__DATA FOR THE TASK__:
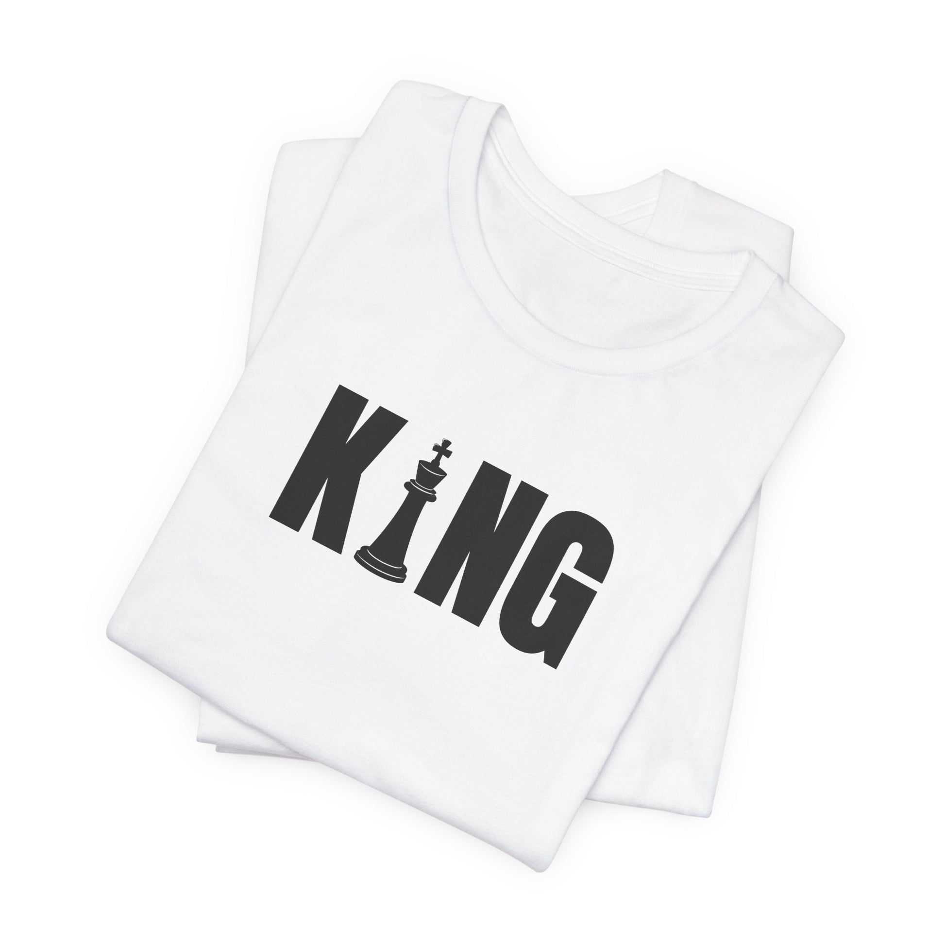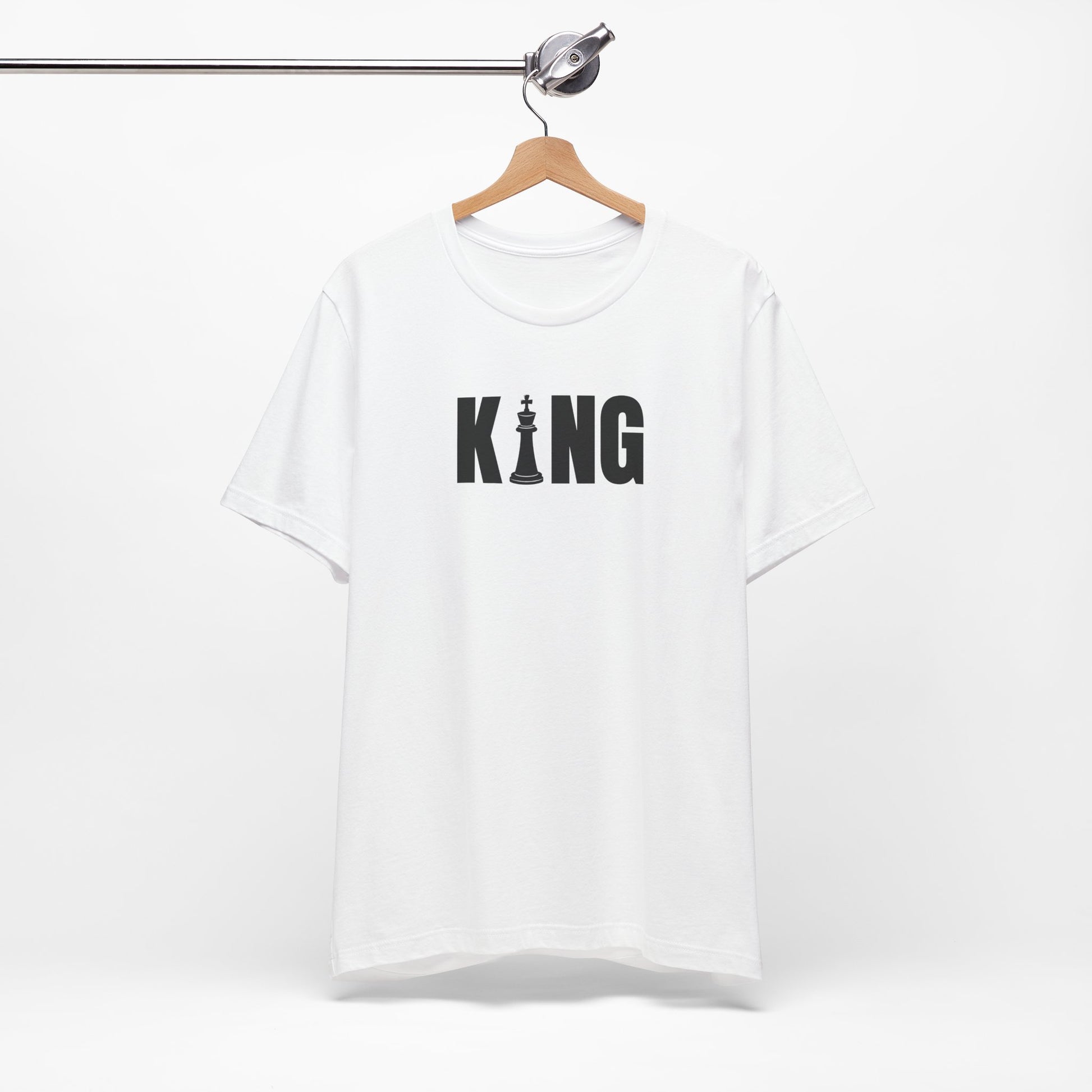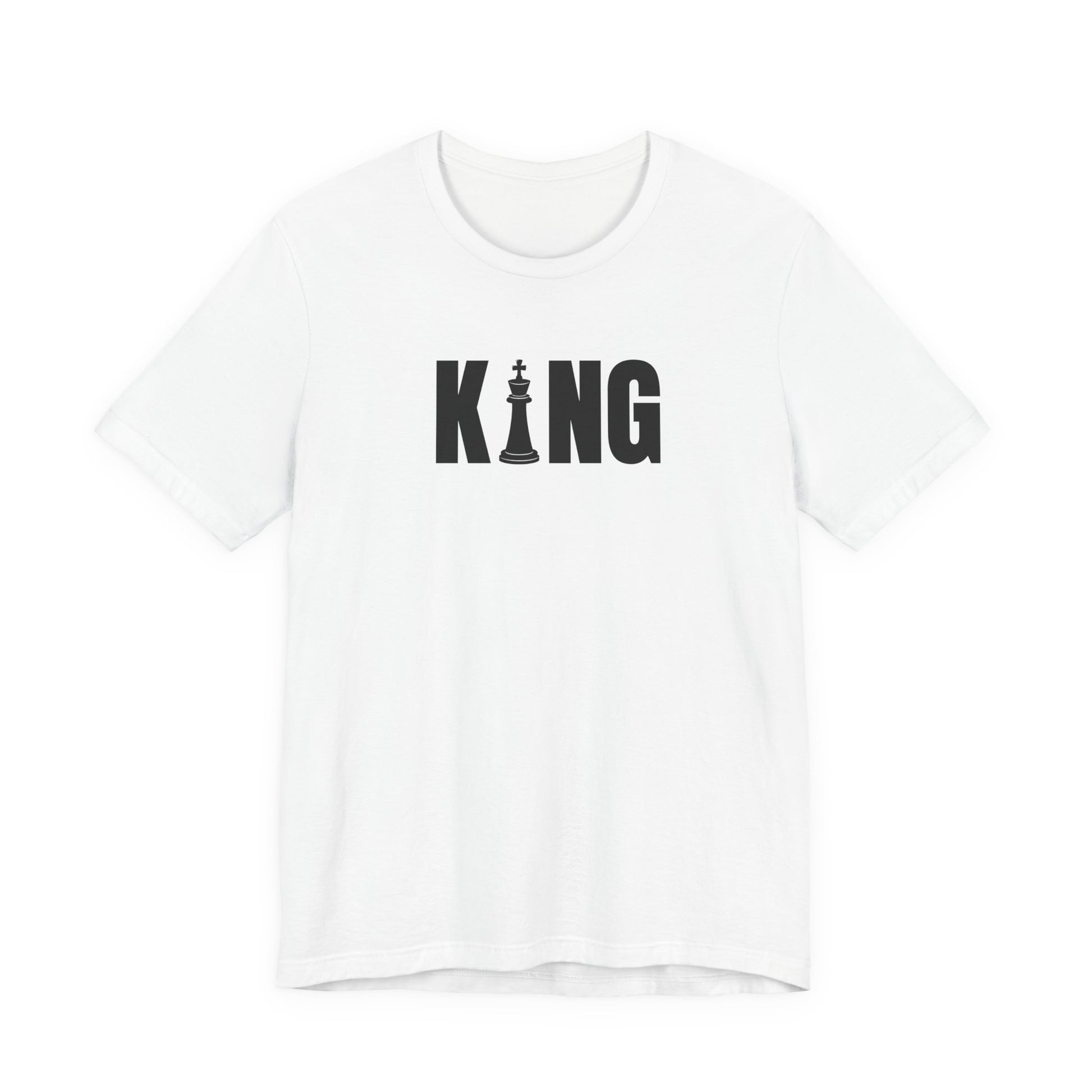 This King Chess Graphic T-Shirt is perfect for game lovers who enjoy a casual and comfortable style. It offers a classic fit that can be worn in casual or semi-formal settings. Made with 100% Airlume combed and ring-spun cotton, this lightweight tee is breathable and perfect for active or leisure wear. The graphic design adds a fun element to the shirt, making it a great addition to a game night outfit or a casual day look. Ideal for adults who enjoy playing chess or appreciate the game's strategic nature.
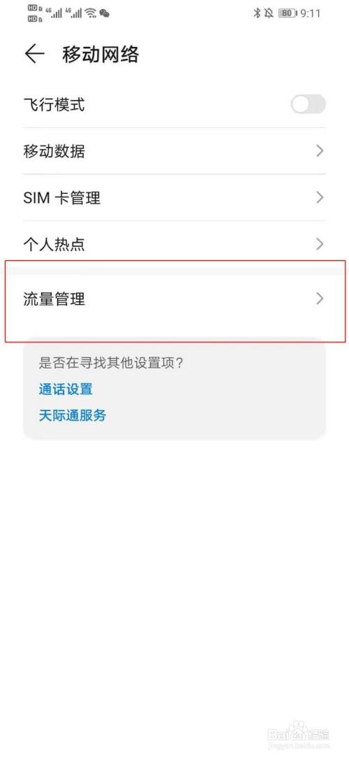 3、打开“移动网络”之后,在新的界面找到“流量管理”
* * *
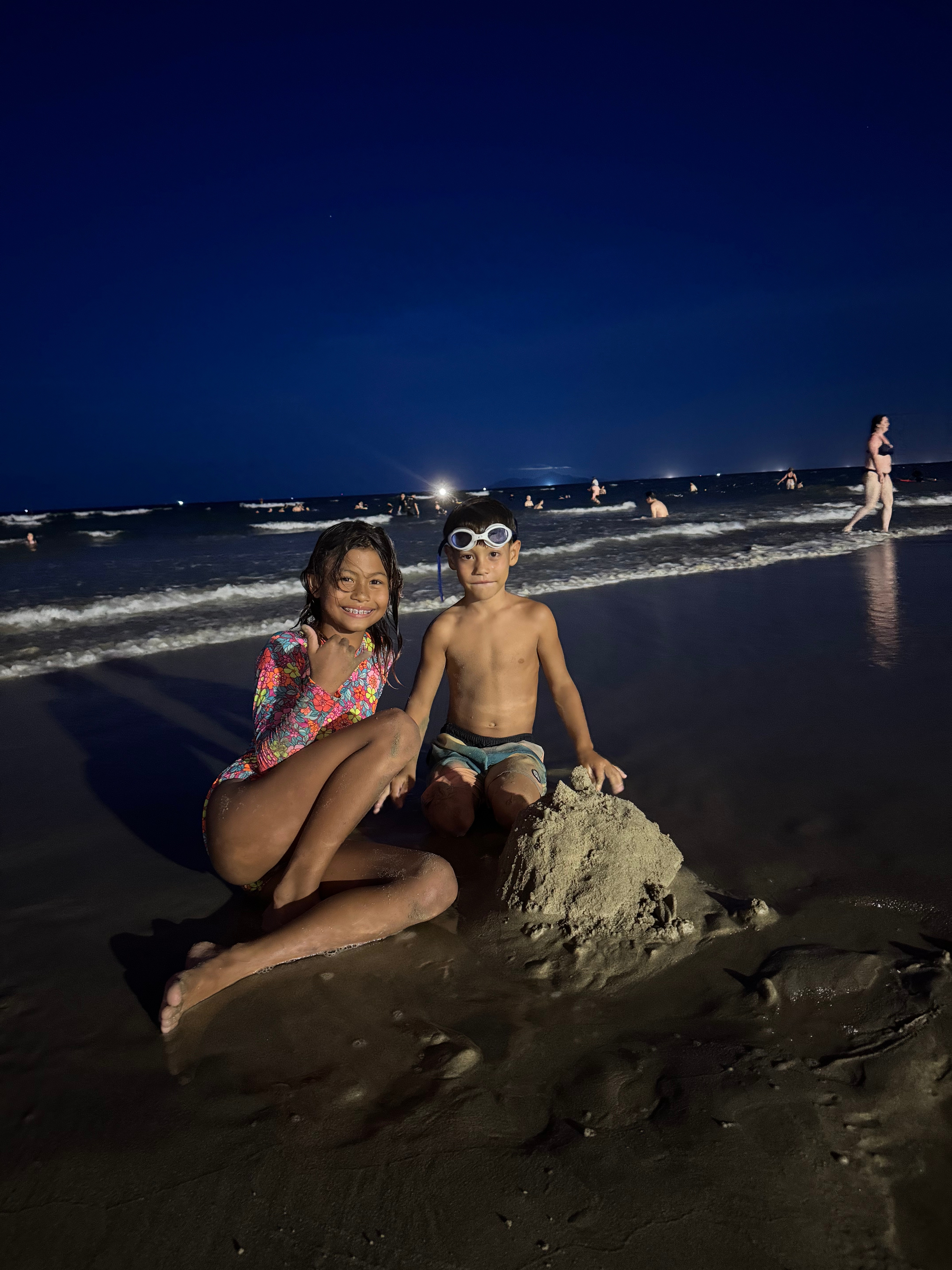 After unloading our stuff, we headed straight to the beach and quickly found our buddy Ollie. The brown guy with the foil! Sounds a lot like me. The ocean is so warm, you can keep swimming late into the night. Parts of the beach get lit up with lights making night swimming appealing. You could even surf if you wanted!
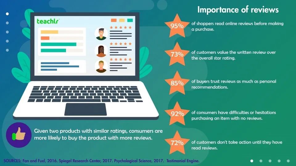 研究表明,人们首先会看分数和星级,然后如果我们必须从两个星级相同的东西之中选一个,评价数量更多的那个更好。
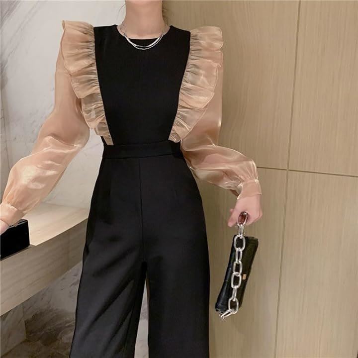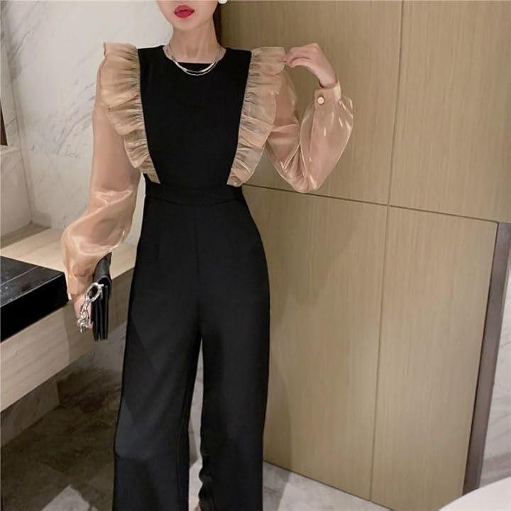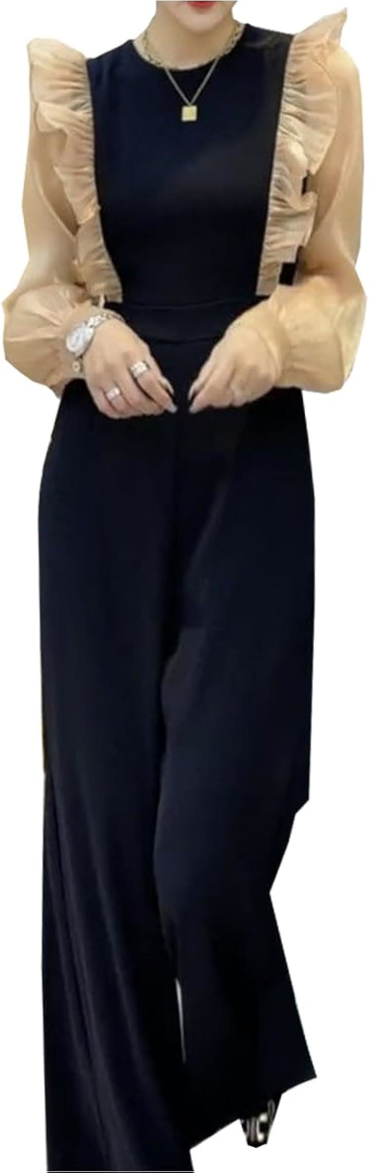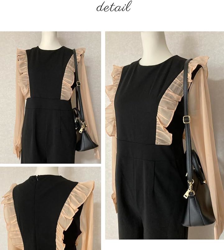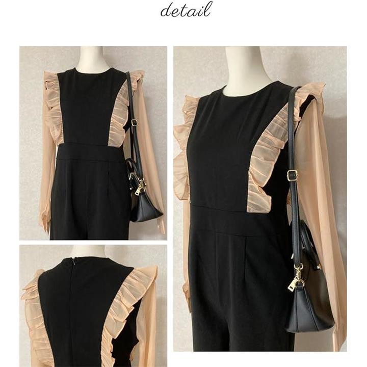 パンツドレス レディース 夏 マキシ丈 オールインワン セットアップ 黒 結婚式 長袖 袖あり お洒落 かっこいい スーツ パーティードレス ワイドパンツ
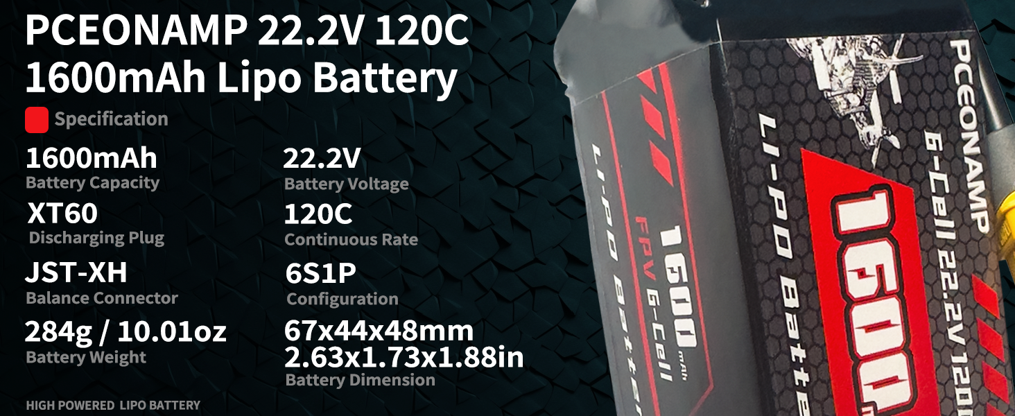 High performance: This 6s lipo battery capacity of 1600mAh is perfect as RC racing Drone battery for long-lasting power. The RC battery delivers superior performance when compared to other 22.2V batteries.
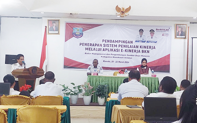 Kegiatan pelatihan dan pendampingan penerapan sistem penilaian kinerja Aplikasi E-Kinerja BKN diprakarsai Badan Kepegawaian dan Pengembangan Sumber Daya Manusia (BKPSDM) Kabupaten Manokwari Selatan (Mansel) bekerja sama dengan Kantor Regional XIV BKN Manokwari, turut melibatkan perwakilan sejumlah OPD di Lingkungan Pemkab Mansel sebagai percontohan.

__WHAT THE TASK REQUIRES__:
Print an exact copy of the lines above, from the one containing "パンツドレス レディース 夏" through the one containing "High performance: This", and leave out the pictures.

__ANSWER SPACE__:
 パンツドレス レディース 夏 マキシ丈 オールインワン セットアップ 黒 結婚式 長袖 袖あり お洒落 かっこいい スーツ パーティードレス ワイドパンツ
 High performance: This 6s lipo battery capacity of 1600mAh is perfect as RC racing Drone battery for long-lasting power. The RC battery delivers superior performance when compared to other 22.2V batteries.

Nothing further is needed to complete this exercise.